I know we have a bunch of members in Florida, anybody planning to go to this? I was toying with the idea of going.

Reactions: Like 1 | Informative 1


----------



## rocky1 (Jan 4, 2020)

That's more down there in Lou's and a few other member's world. Close to 3 hour drive on my end, about 5 for Lee. Dependent on traffic, and interstate crashes... 8 - 14 possible. Never know around here of late.

You have a link Tony? When I look up the Woodworking Show in Tampa I get January 24 - 26 for dates. Not sure if I got the same thing you're looking at or what. The Woodworking Shows Schedule

Show appears reasonably priced, might have to sell a kidney to afford a motel room down there in tourist trap land for 2 nights. You flying down or driving? If you're driving, you're gonna get close!


----------



## Tony (Jan 4, 2020)

rocky1 said:


> That's more down there in Lou's and a few other member's world. Close to 3 hour drive on my end, about 5 for Lee. Dependent on traffic, and interstate crashes... 8 - 14 possible. Never know around here of late.
> 
> You have a link Tony? When I look up the Woodworking Show in Tampa I get January 24 - 26 for dates. Not sure if I got the same thing you're looking at or what. The Woodworking Shows Schedule
> 
> Show appears reasonably priced, might have to sell a kidney to afford a motel room down there in tourist trap land for 2 nights. You flying down or driving? If you're driving, you're gonna get close!
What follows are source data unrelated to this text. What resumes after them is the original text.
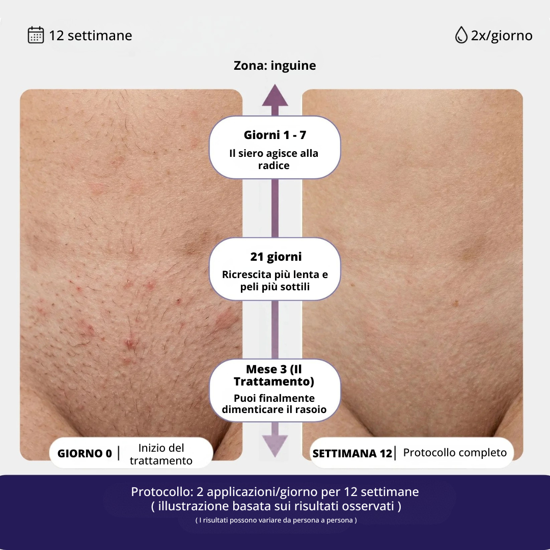 Quando applichi il siero dopo la depilazione, il principio attivo penetra nel follicolo pilifero (la radice del pelo) e agisce direttamente alla fonte.
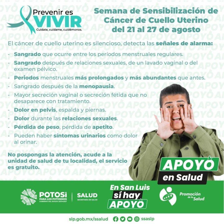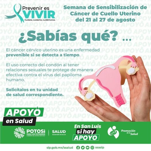 En todas las unidades de salud de los Servicios de Salud del 21 al 27 de agosto se llevarán a cabo actividades de Jornadas de toma de citología cervical, Ferias de salud, Pláticas de sensibilización de cáncer cervicouterino, el jueves 24 de agosto se va a transmitir la videoconferencia “¿Cómo sé que tengo cáncer cervicouterino?”, que impartirá la Dra. María Inocencia Hernández Gallegos desde el Hospital General de Rioverde; Caminata de sensibilización, el viernes 25 agosto saliendo a las 8:00 de la mañana de la Glorieta Hidalgo hasta la Plaza Principal en Ciudad Valles, todo en el marco de la Semana de Sensibilización en Cáncer de Cuello Uterino.
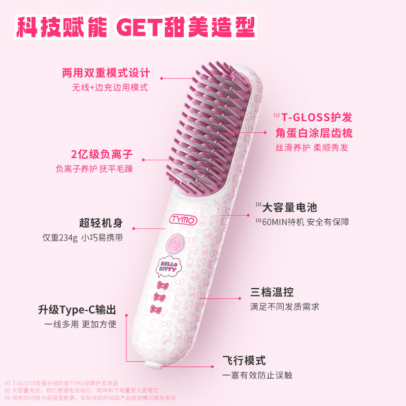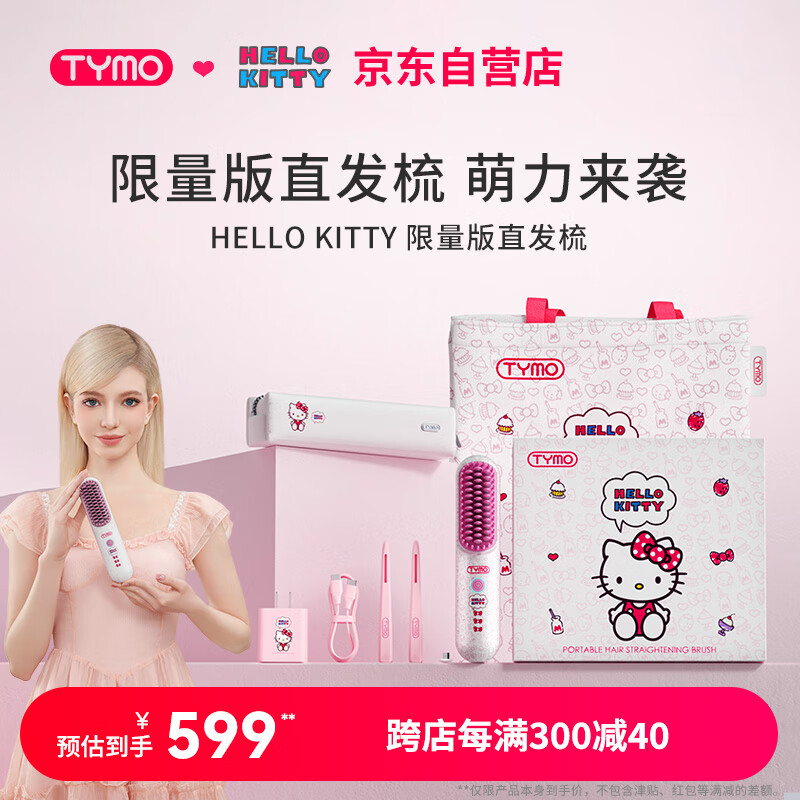 TYMO直发梳Hello Kitty礼盒装 无线直发梳负离子护发便携两用持久定型造型梳 七夕送女生节生日礼物价格:679.00元!

Had a brain fart, I meant Jan. I'll fly if I come, have a ticket that I can use but have to take it by the end of January. Where's Lou been, haven't seen him around in awhile. 
@Lou Currier


----------



## rocky1 (Jan 4, 2020)

Not sure, haven't heard from him since he stopped to visit. On a walk about, off the seeing the country in his motor home, visiting friends last I heard. Unanticipated changes in life, regrouping. Glad you reminded me, been meaning to check on him


----------



## rocky1 (Jan 4, 2020)

What all is supposed to be on the agenda there? I can't get the Seminar Page to open.


----------



## Wildthings (Jan 4, 2020)

rocky1 said:


> What all is supposed to be on the agenda there? I can't get the Seminar Page to open.


Go to the seminar page on the top header Seminar

Reactions: Like 1


----------



## Lou Currier (Jan 4, 2020)

The show is the 24th through the 26th. They will be doing the lathe giveaway on Saturday this year. I also don’t see Peachtree on their vendor list again this year...did they have a falling out?

Reactions: Like 1


----------